• _Exercise brief_
When duplicating the records beneath this instruction, omit every picture and keep all else exact.

• _Given data_
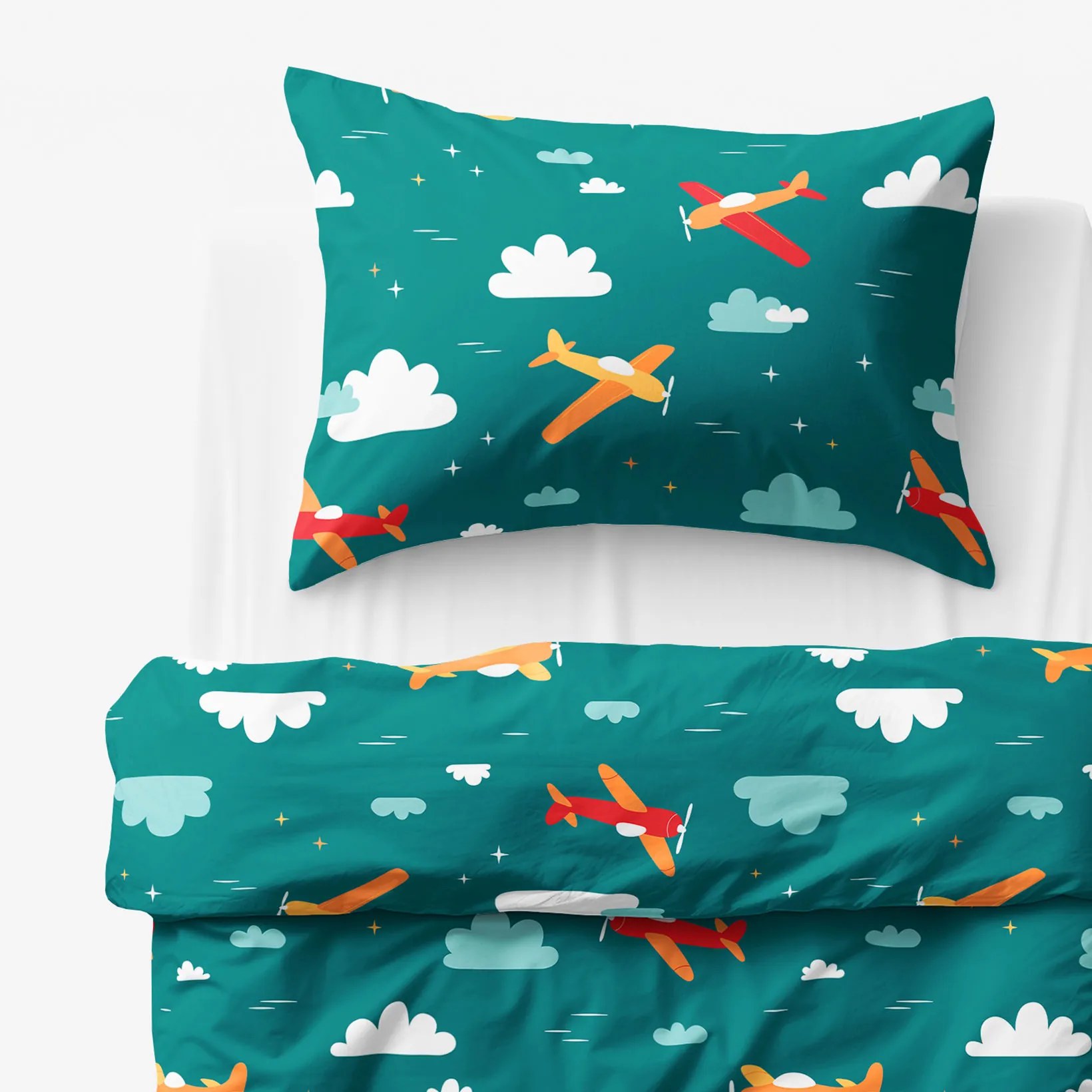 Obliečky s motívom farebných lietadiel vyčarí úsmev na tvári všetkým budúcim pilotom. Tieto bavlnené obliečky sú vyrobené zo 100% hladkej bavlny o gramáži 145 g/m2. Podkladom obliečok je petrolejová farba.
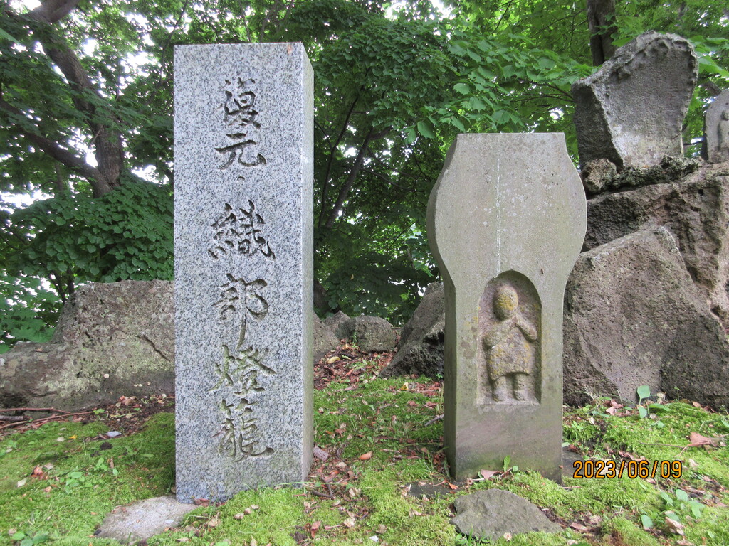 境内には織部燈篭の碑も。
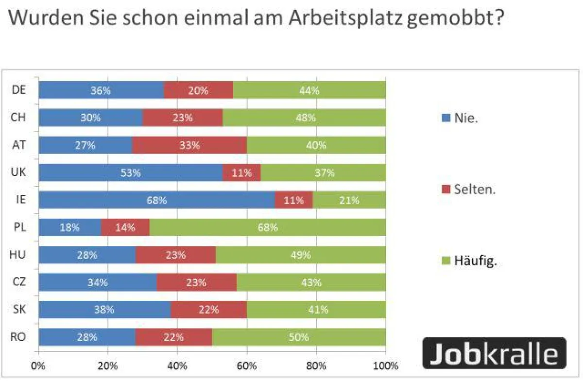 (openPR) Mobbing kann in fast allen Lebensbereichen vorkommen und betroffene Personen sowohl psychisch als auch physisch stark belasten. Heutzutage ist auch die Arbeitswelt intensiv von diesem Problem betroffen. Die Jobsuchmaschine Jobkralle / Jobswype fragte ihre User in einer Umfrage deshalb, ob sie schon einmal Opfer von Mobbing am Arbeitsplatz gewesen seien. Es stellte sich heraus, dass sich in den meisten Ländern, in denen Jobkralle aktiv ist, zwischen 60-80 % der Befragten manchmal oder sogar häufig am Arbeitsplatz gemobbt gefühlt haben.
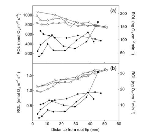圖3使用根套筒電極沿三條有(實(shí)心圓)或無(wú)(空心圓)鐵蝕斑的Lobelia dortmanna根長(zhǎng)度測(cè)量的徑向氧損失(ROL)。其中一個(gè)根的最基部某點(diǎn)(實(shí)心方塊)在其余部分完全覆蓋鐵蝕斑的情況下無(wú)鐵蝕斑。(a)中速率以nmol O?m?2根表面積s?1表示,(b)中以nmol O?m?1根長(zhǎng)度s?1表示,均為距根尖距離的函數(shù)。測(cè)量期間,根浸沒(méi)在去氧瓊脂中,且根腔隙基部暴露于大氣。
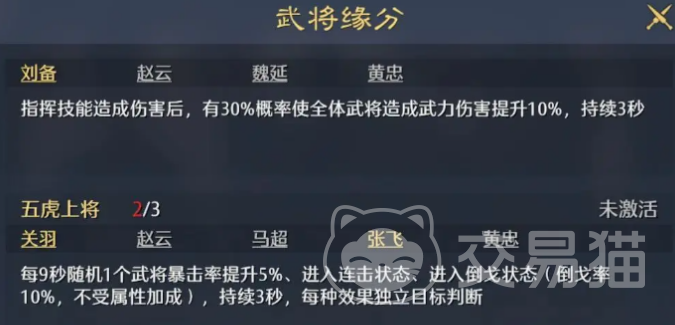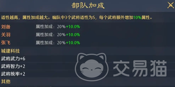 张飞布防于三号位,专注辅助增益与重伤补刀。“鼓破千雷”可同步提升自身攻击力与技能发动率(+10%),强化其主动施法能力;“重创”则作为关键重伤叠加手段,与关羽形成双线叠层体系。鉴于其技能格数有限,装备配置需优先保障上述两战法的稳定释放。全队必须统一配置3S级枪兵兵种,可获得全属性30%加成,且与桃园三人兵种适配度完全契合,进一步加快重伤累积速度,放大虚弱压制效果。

• _Exercise solution_
 Obliečky s motívom farebných lietadiel vyčarí úsmev na tvári všetkým budúcim pilotom. Tieto bavlnené obliečky sú vyrobené zo 100% hladkej bavlny o gramáži 145 g/m2. Podkladom obliečok je petrolejová farba.
 境内には織部燈篭の碑も。
 (openPR) Mobbing kann in fast allen Lebensbereichen vorkommen und betroffene Personen sowohl psychisch als auch physisch stark belasten. Heutzutage ist auch die Arbeitswelt intensiv von diesem Problem betroffen. Die Jobsuchmaschine Jobkralle / Jobswype fragte ihre User in einer Umfrage deshalb, ob sie schon einmal Opfer von Mobbing am Arbeitsplatz gewesen seien. Es stellte sich heraus, dass sich in den meisten Ländern, in denen Jobkralle aktiv ist, zwischen 60-80 % der Befragten manchmal oder sogar häufig am Arbeitsplatz gemobbt gefühlt haben.
圖3使用根套筒電極沿三條有(實(shí)心圓)或無(wú)(空心圓)鐵蝕斑的Lobelia dortmanna根長(zhǎng)度測(cè)量的徑向氧損失(ROL)。其中一個(gè)根的最基部某點(diǎn)(實(shí)心方塊)在其余部分完全覆蓋鐵蝕斑的情況下無(wú)鐵蝕斑。(a)中速率以nmol O?m?2根表面積s?1表示,(b)中以nmol O?m?1根長(zhǎng)度s?1表示,均為距根尖距離的函數(shù)。測(cè)量期間,根浸沒(méi)在去氧瓊脂中,且根腔隙基部暴露于大氣。
 张飞布防于三号位,专注辅助增益与重伤补刀。“鼓破千雷”可同步提升自身攻击力与技能发动率(+10%),强化其主动施法能力;“重创”则作为关键重伤叠加手段,与关羽形成双线叠层体系。鉴于其技能格数有限,装备配置需优先保障上述两战法的稳定释放。全队必须统一配置3S级枪兵兵种,可获得全属性30%加成,且与桃园三人兵种适配度完全契合,进一步加快重伤累积速度,放大虚弱压制效果。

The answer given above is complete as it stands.